A footnote about the State Department. The Ambassador in Laos was not the only one to treat me with special deference in comparison to people from his own agency. Another Ambassador in Europe, who asked me to do a job for him, said that he had no faith in his own people to do the job right. Later, an Under Secretary of State **, with whom I worked overseas on a very sensitive operation, tried to recruit me to leave my agency and join the State Department in the security division. I told him that I simply could not work with the "cookie pushers" (whatever that meant to me at the time) at State. He said he fully understood, and we remained friends. While visiting Rome, he invited my wife and I to join him for breakfast at one of the fancy hotels. My obvious closeness with this man and his wife caused quite a bit of interest around the U.S. Embassy. Who is this guy, they wondered? Kind of like the Russian Embassy chauffeur who is actually a KGB agent. Good luck to Condi Rice. The State Department is nearly unmanageable. The career bureaucrats will always find a way to undermine any policy they don't approve of.
**When I worked with this man in Europe, he was assigned to one of our major embassies and was later to become an Under Secretary of State. Actually, I stayed in his large apartment in that European capital while working on my project in that city, and came to know both he and his wife very well. He and I would sit up late at night in the study, talk, and sip Cognac. Yes, it was always Cognac after dinner. It was years later that he called me to the State Department building in D.C. to make his pitch to me about the job. When he came to Rome, he had a different high-level job, but was well-known internationally.
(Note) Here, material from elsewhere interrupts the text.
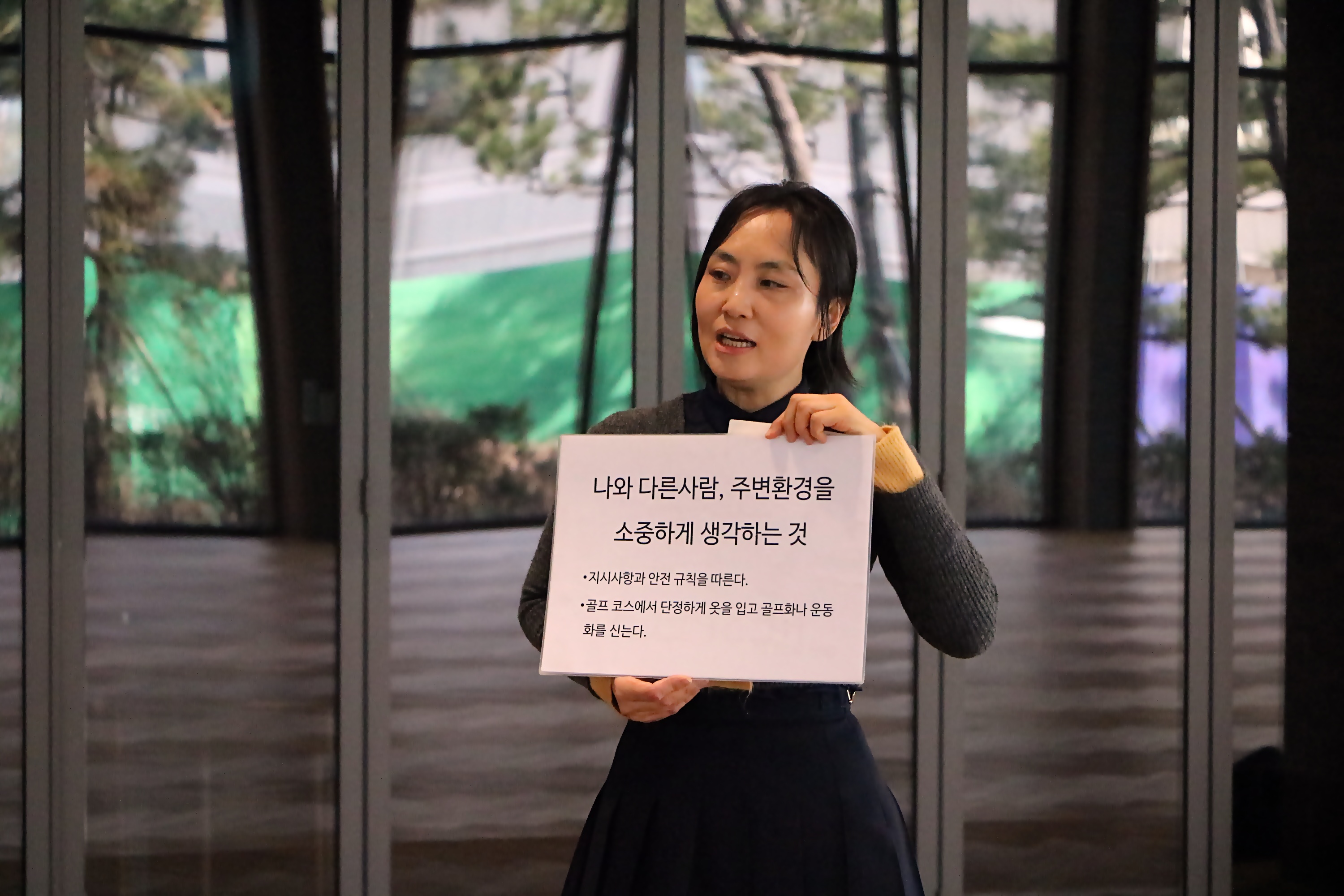 이번주 핵심가치 주제인 존중에 대해서 설명해 주고 있는 모습

We ran into each other in the parking lot of the U.S. Embassy, and he immediately invited my wife and I to breakfast for the next day. I would love to be able to tell the story of how and why we met in Europe and what our working connection was, as it is one of the most interesting stories I could tell of my time in the cloak and dagger business. But, sadly, I cannot write about the particulars, even today, decades later. Don't ever go into that business. It ruins your social life, as you have nothing to talk about with people you meet. Or, you end up telling lies about where you work and what you do. A real bummer - unless you are a reclusive introvert and enjoy lying.